(Data provided begins)
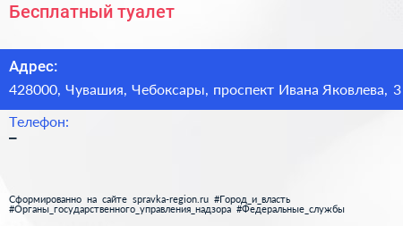 Бесплатный туалет по адресу 428000, Чувашия, Чебоксары, проспект Ивана Яковлева, 3 в дальнейшем Организация, размещена в следующих категориях:
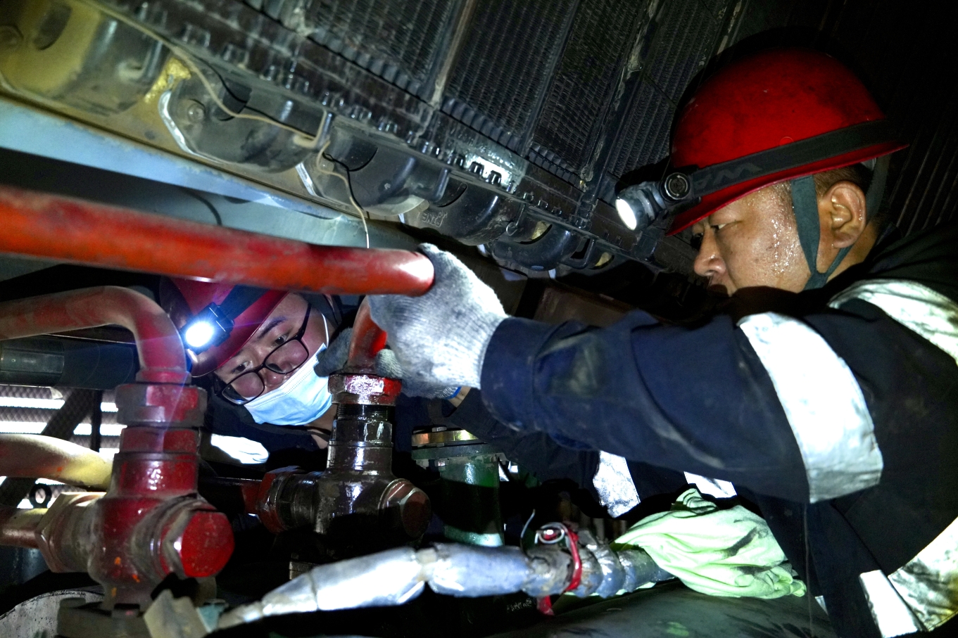 (大板机务段检修车间职工对冷却水系统温控阀进行检查更换。牛鹏成 摄)
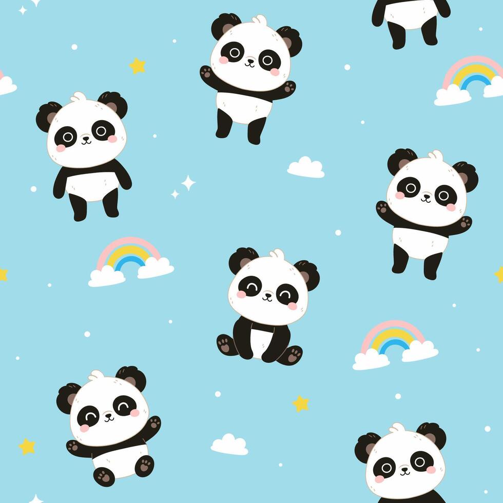 Seamless pattern with cute kawaii pandas, rainbows, clouds on a blue background. graphics. Pro Vector
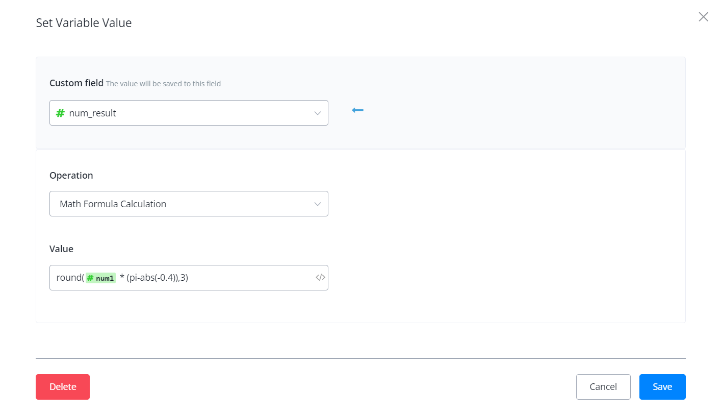 With this operation, you can now do formula calculation directly in the Action Step – “Set Variable Value” and Condition Step – “Value”.
(Data provided ends)
Exercise brief: The answer must consist solely of the lines from the one with "Seamless pattern with" through the final line of the data, each reproduced exactly and with pictures omitted.

Worked solution:
 Seamless pattern with cute kawaii pandas, rainbows, clouds on a blue background. graphics. Pro Vector
 With this operation, you can now do formula calculation directly in the Action Step – “Set Variable Value” and Condition Step – “Value”.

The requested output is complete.